| Work order |
As you print the data below, keep every line exactly as it is and leave the images behind.

** Opening Information provided block **

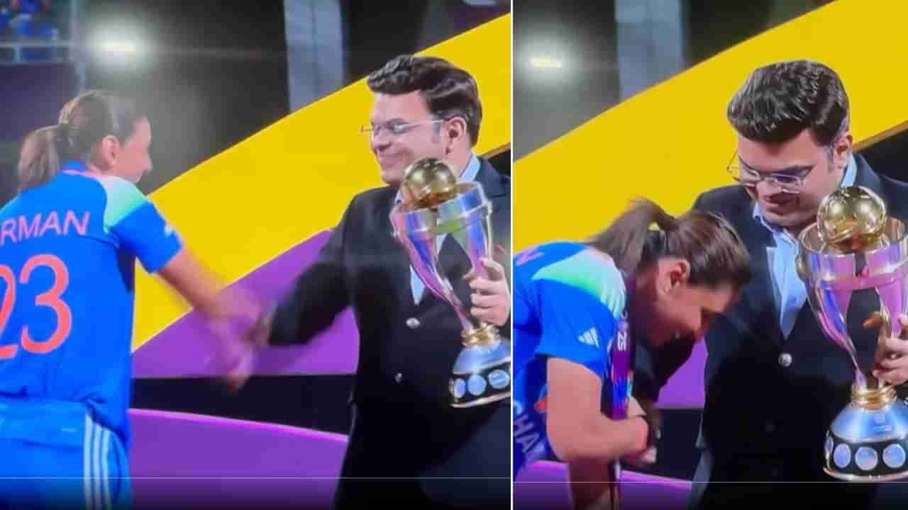 ಐಸಿಸಿ ಅಧ್ಯಕ್ಷ ಜಯ್ ಶಾ ಟ್ರೋಫಿ ಹಿಡಿದು ವೇದಿಕೆಯ ಮೇಲೆ ನಿಂತಿದ್ದರು. ಹರ್ಮನ್ಪ್ರೀತ್ ಕೌರ್ ಬಂದು ಅವರ ಕೈಕುಲುಕಿದರು. ನಂತರ ಹರ್ಮನ್ ಅವರು ಜಯ್ ಶಾ ಅವರ ಪಾದಗಳನ್ನು ಮುಟ್ಟಲು ಪ್ರಯತ್ನಿಸಿದರು, ಆದರೆ ಜಯ್ ಶಾ ಅವರು ಹಾಗೆ ಮಾಡದಂತೆ ತಡೆದರು. ನಂತರ ಅವರು ಆಕೆಯ ಮುಂದೆ ನಮಸ್ಕರಿಸಿ ಗೌರವ ವ್ಯಕ್ತಪಡಿಸಿದರು. ಜಯ್ ಶಾ ಹರ್ಮನ್ಪ್ರೀತ್ ಕೌರ್ ಅವರಿಗೆ ಗೌರವ ತೋರಿಸಿದ್ದಲ್ಲದೆ, ನಮ್ಮ ದೇಶದ ಹೆಣ್ಣುಮಕ್ಕಳು ಯಾವುದರಲ್ಲೂ ಕಡಿಮೆಯಿಲ್ಲ ಎಂದು ತೋರಿಸಿದರು.
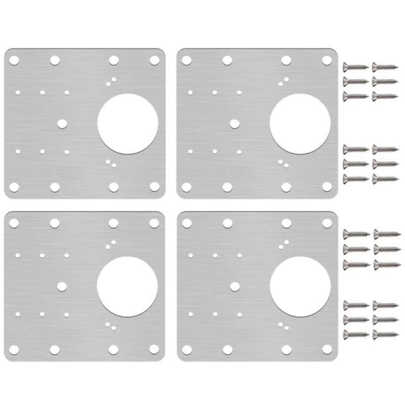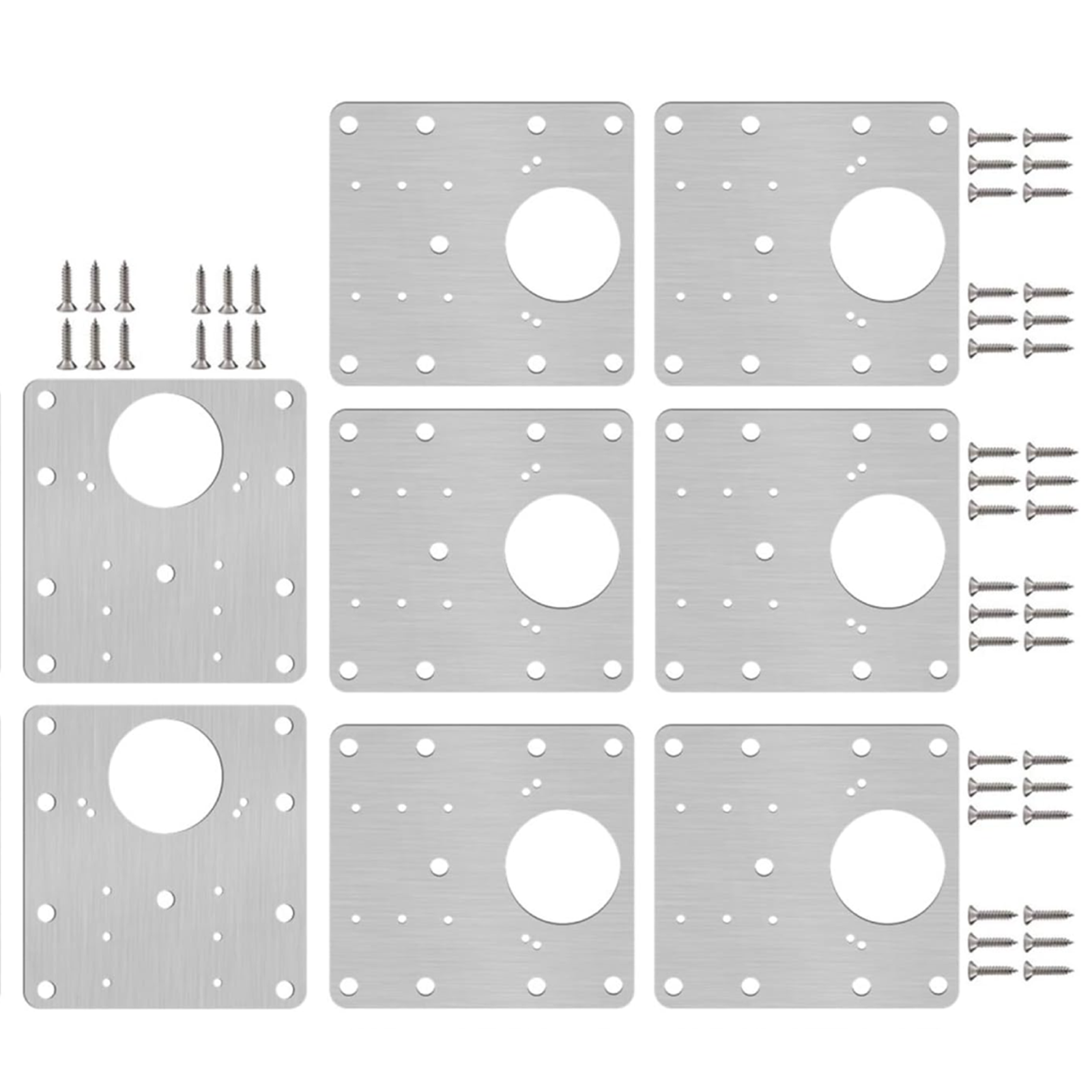 Setul contine 8 placi de fixare pentru balamale si 48 de suruburi compatibile. Fiecare placa are dimensiunea de 9 x 9 cm (3.54 x 3.54 inch).
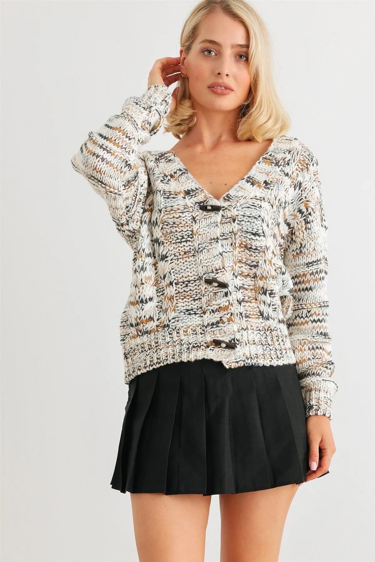 Denim Mix Crochet Knit Wooden Button-Up Soft To Touch Cardigan /2-2-2
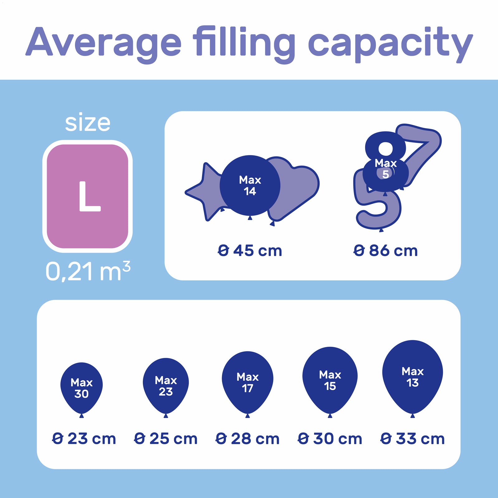 Hver centimeter en ballon er større, påvirker dens kapacitet. Heliumtankene er baseret på balloner på 25 cm, så hvis du f.eks. bruger balloner på 30 cm, kan du kun få halvt så meget ud af heliumtanken.

** Closing Information provided block **

| Your response |
 ಐಸಿಸಿ ಅಧ್ಯಕ್ಷ ಜಯ್ ಶಾ ಟ್ರೋಫಿ ಹಿಡಿದು ವೇದಿಕೆಯ ಮೇಲೆ ನಿಂತಿದ್ದರು. ಹರ್ಮನ್ಪ್ರೀತ್ ಕೌರ್ ಬಂದು ಅವರ ಕೈಕುಲುಕಿದರು. ನಂತರ ಹರ್ಮನ್ ಅವರು ಜಯ್ ಶಾ ಅವರ ಪಾದಗಳನ್ನು ಮುಟ್ಟಲು ಪ್ರಯತ್ನಿಸಿದರು, ಆದರೆ ಜಯ್ ಶಾ ಅವರು ಹಾಗೆ ಮಾಡದಂತೆ ತಡೆದರು. ನಂತರ ಅವರು ಆಕೆಯ ಮುಂದೆ ನಮಸ್ಕರಿಸಿ ಗೌರವ ವ್ಯಕ್ತಪಡಿಸಿದರು. ಜಯ್ ಶಾ ಹರ್ಮನ್ಪ್ರೀತ್ ಕೌರ್ ಅವರಿಗೆ ಗೌರವ ತೋರಿಸಿದ್ದಲ್ಲದೆ, ನಮ್ಮ ದೇಶದ ಹೆಣ್ಣುಮಕ್ಕಳು ಯಾವುದರಲ್ಲೂ ಕಡಿಮೆಯಿಲ್ಲ ಎಂದು ತೋರಿಸಿದರು.
 Setul contine 8 placi de fixare pentru balamale si 48 de suruburi compatibile. Fiecare placa are dimensiunea de 9 x 9 cm (3.54 x 3.54 inch).
 Denim Mix Crochet Knit Wooden Button-Up Soft To Touch Cardigan /2-2-2
 Hver centimeter en ballon er større, påvirker dens kapacitet. Heliumtankene er baseret på balloner på 25 cm, så hvis du f.eks. bruger balloner på 30 cm, kan du kun få halvt så meget ud af heliumtanken.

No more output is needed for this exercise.